> **Assignment**
Any picture in the entries is to be skipped, while everything else is transcribed word for word.

> **Record extracts**
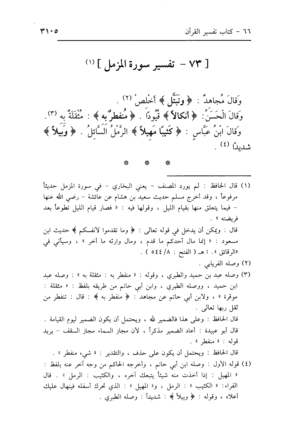 وَقَالَ مُجَاهِدٌ: {وَتَبَتَّلْ} [المزمل: 8]: «أَخْلِصْ» وَقَالَ الحَسَنُ: {أَنْكَالًا} [المزمل: 12]: «قُيُودًا»، {مُنْفَطِرٌ بِهِ} [المزمل: 18]: «مُثْقَلَةٌ بِهِ» وَقَالَ ابْنُ عَبَّاسٍ: {كَثِيبًا مَهِيلًا} [المزمل: 14]: «الرَّمْلُ السَّائِلُ وَبِيلًا شَدِيدًا».
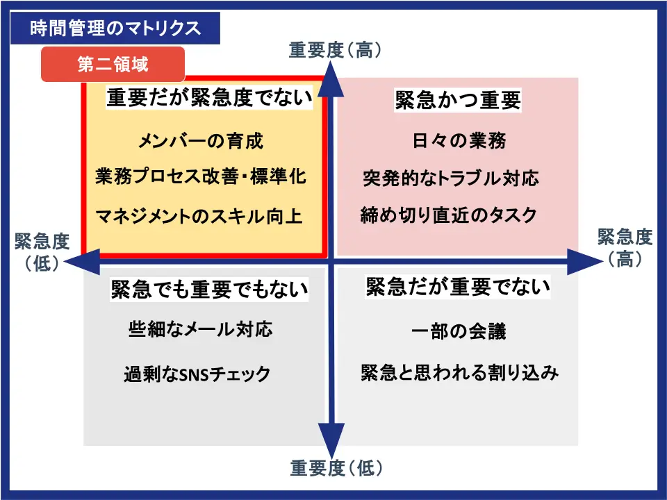目の前の目標達成やトラブル対応といったプレイヤー業務は、常に「緊急かつ重要」なタスクとして降りかかってきます。
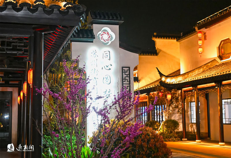 3月31日,蘇州街盛開的櫻花、海棠、玉蘭與蘇式街區(qū)相互映襯,美不勝收。
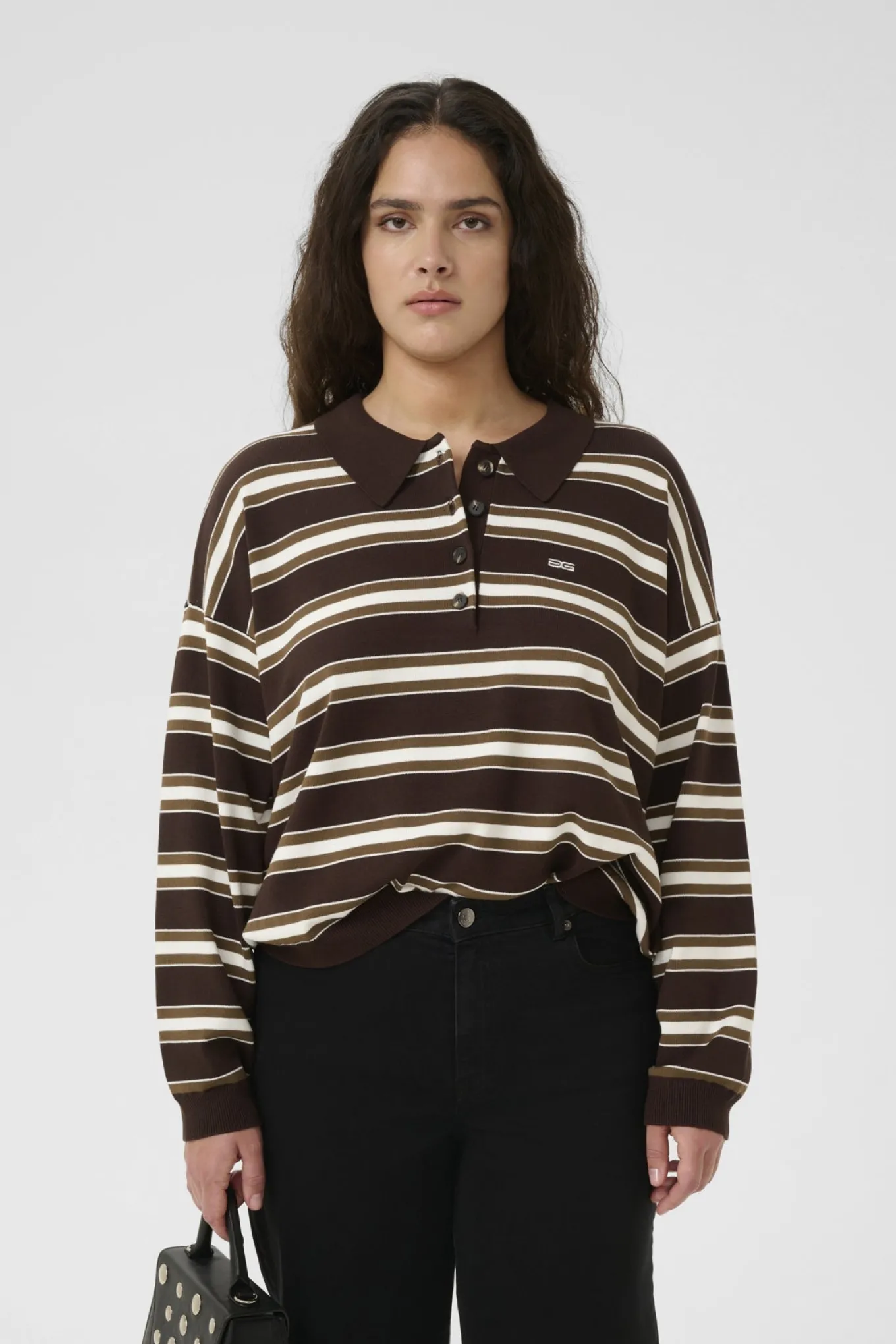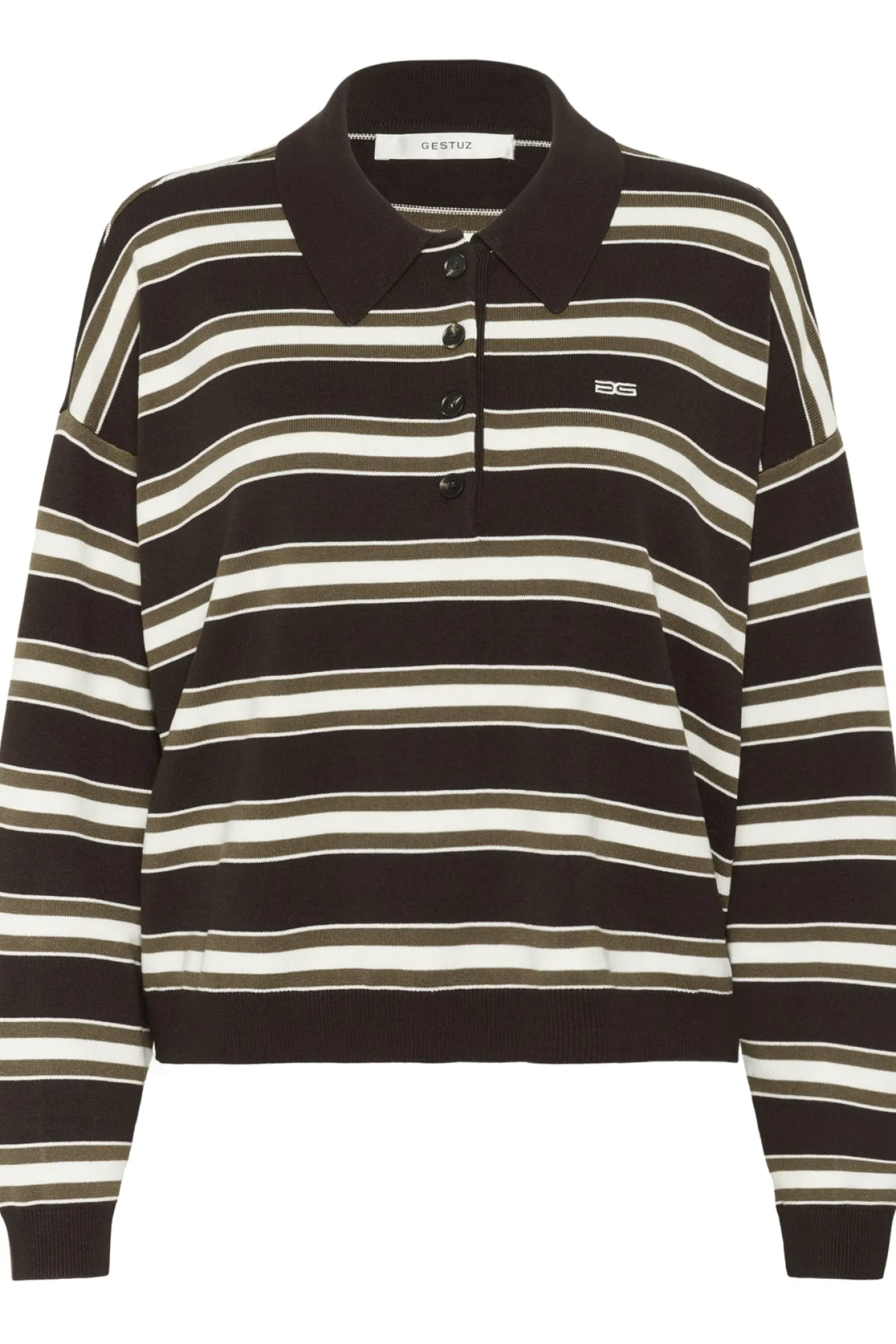 OBS! Fjernlager. Levering kan blive forlænget med 2-3 dage, hvis varen ikke findes i vores butik lige nu.Smart polo strik fra Gestuz med lange ærmer, en lille krave i halsen og et kort knappanel over brystet.Strikken har også et fint stribet mønster og et lille broderet logo på brystet.
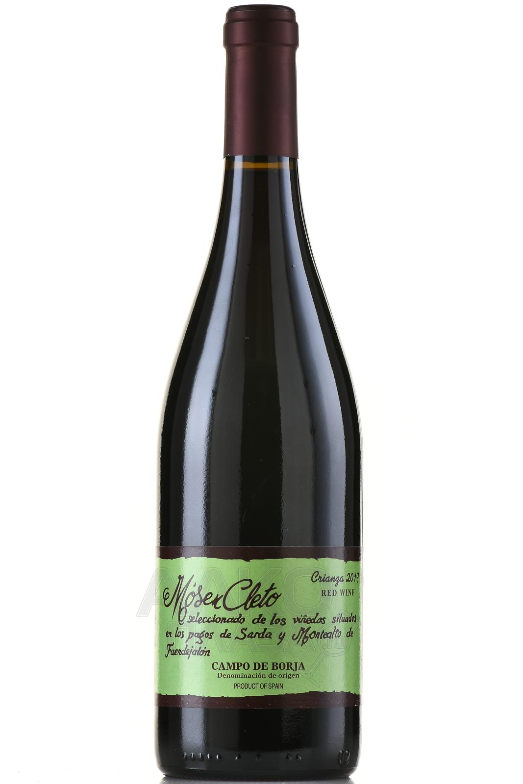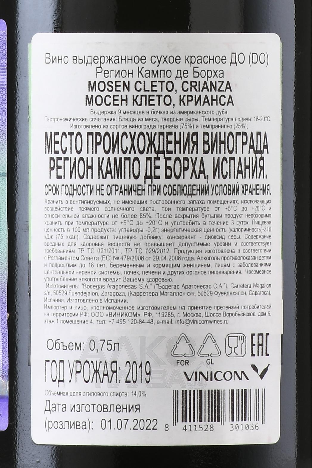 Красное сухое вино Mosen Cleto Crianza Campo de Borja DO 0,75 л характеризуется чистым сбалансированным вкусом и пряным ароматом. Оно изготовлено в Испании из двух сортов местного винограда, таких как Гарнача и Темпранильо, возраст лоз которых достигает 30 и 20 лет соответственно. Урожай собирают в первой половине сентября. Алкогольная ферментация протекает в резервуарах из нержавеющей стали, оснащенных специальной системой термоконтроля, при температуре 28 градусов. Далее сусло на протяжении двух недель мацерируют на кожице, после чего вино 10 месяцев выдерживают в бочках из древесины американского дуба, а затем еще более года в бутылках в подвалах винодельни.
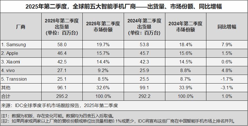 C114讯 7月16日消息(岳明)国际数据公司(IDC)发布的最新一期《全球季度手机跟踪报告》初步数据显示,推动市场实现了连续第8个季度的增长。智能手机市场仍实现1%增长,抵消了这一下滑,并且借助“618”促销来清理渠道库存。经济不确定性往往会压缩低端市场的需求,因为该市场对价格最为敏感。大部分厂商为了合理控制渠道库存水位,市场需求持续承压,这一关键信号表明市场有望回归增长轨道。宏观经济挑战(如外汇不稳定、报告期内,最终该季度全球出货量同比增长 1.5%。2025年第二季度(2Q25)全球智能手机出货量同比增长1.0%,
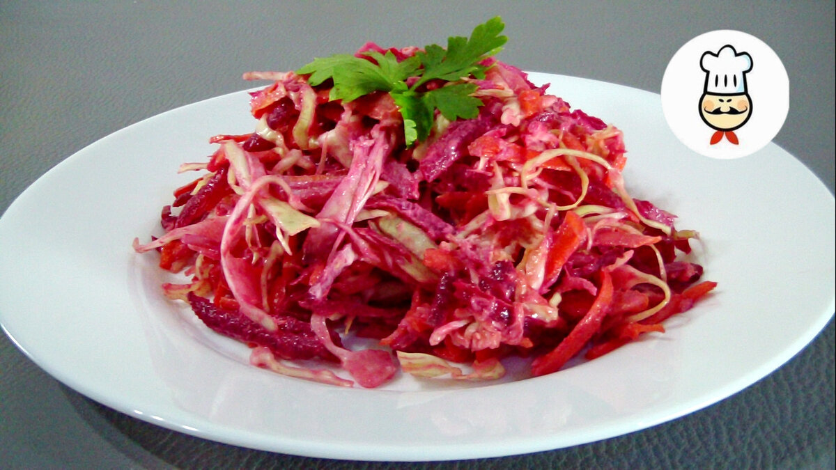 Попробуйте вкусный и полезный салат, который приготовить вообще не составит труда. А полезность очень высока. К тому же он очень вкусный. . Ингредиенты: • Капуста – 150 г • Морковь (сырая) – 1 шт. • Свекла (сырая) – 1 шт. • Куриное филе (отварное) – 100 г • Майонез – 1 ст. л. • Кетчуп – 1 ст. л.
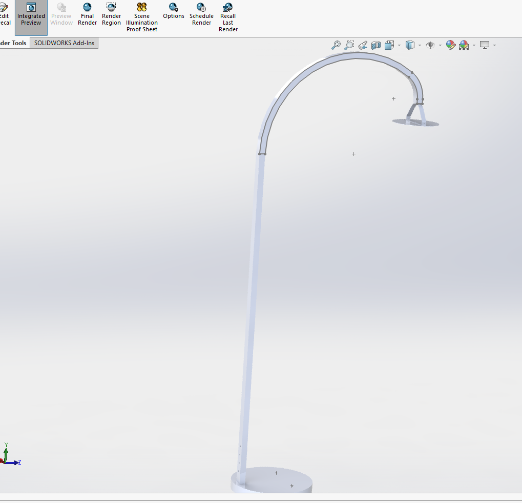 I assume the way I drew it created this? I drew the lamp rod first, then in the front plane I drew the arcs (circles) and extruded. This is the only way I know how to draw two different radii. I am more familiar with AutoCAD than SW. I actually drew it in AC first to get my arc length because I cannot measure the radii lengths.

> **Response to the exercise**
 وَقَالَ مُجَاهِدٌ: {وَتَبَتَّلْ} [المزمل: 8]: «أَخْلِصْ» وَقَالَ الحَسَنُ: {أَنْكَالًا} [المزمل: 12]: «قُيُودًا»، {مُنْفَطِرٌ بِهِ} [المزمل: 18]: «مُثْقَلَةٌ بِهِ» وَقَالَ ابْنُ عَبَّاسٍ: {كَثِيبًا مَهِيلًا} [المزمل: 14]: «الرَّمْلُ السَّائِلُ وَبِيلًا شَدِيدًا».
目の前の目標達成やトラブル対応といったプレイヤー業務は、常に「緊急かつ重要」なタスクとして降りかかってきます。
 3月31日,蘇州街盛開的櫻花、海棠、玉蘭與蘇式街區(qū)相互映襯,美不勝收。
 OBS! Fjernlager. Levering kan blive forlænget med 2-3 dage, hvis varen ikke findes i vores butik lige nu.Smart polo strik fra Gestuz med lange ærmer, en lille krave i halsen og et kort knappanel over brystet.Strikken har også et fint stribet mønster og et lille broderet logo på brystet.
 Красное сухое вино Mosen Cleto Crianza Campo de Borja DO 0,75 л характеризуется чистым сбалансированным вкусом и пряным ароматом. Оно изготовлено в Испании из двух сортов местного винограда, таких как Гарнача и Темпранильо, возраст лоз которых достигает 30 и 20 лет соответственно. Урожай собирают в первой половине сентября. Алкогольная ферментация протекает в резервуарах из нержавеющей стали, оснащенных специальной системой термоконтроля, при температуре 28 градусов. Далее сусло на протяжении двух недель мацерируют на кожице, после чего вино 10 месяцев выдерживают в бочках из древесины американского дуба, а затем еще более года в бутылках в подвалах винодельни.
 C114讯 7月16日消息(岳明)国际数据公司(IDC)发布的最新一期《全球季度手机跟踪报告》初步数据显示,推动市场实现了连续第8个季度的增长。智能手机市场仍实现1%增长,抵消了这一下滑,并且借助“618”促销来清理渠道库存。经济不确定性往往会压缩低端市场的需求,因为该市场对价格最为敏感。大部分厂商为了合理控制渠道库存水位,市场需求持续承压,这一关键信号表明市场有望回归增长轨道。宏观经济挑战(如外汇不稳定、报告期内,最终该季度全球出货量同比增长 1.5%。2025年第二季度(2Q25)全球智能手机出货量同比增长1.0%,
 Попробуйте вкусный и полезный салат, который приготовить вообще не составит труда. А полезность очень высока. К тому же он очень вкусный. . Ингредиенты: • Капуста – 150 г • Морковь (сырая) – 1 шт. • Свекла (сырая) – 1 шт. • Куриное филе (отварное) – 100 г • Майонез – 1 ст. л. • Кетчуп – 1 ст. л.
 I assume the way I drew it created this? I drew the lamp rod first, then in the front plane I drew the arcs (circles) and extruded. This is the only way I know how to draw two different radii. I am more familiar with AutoCAD than SW. I actually drew it in AC first to get my arc length because I cannot measure the radii lengths.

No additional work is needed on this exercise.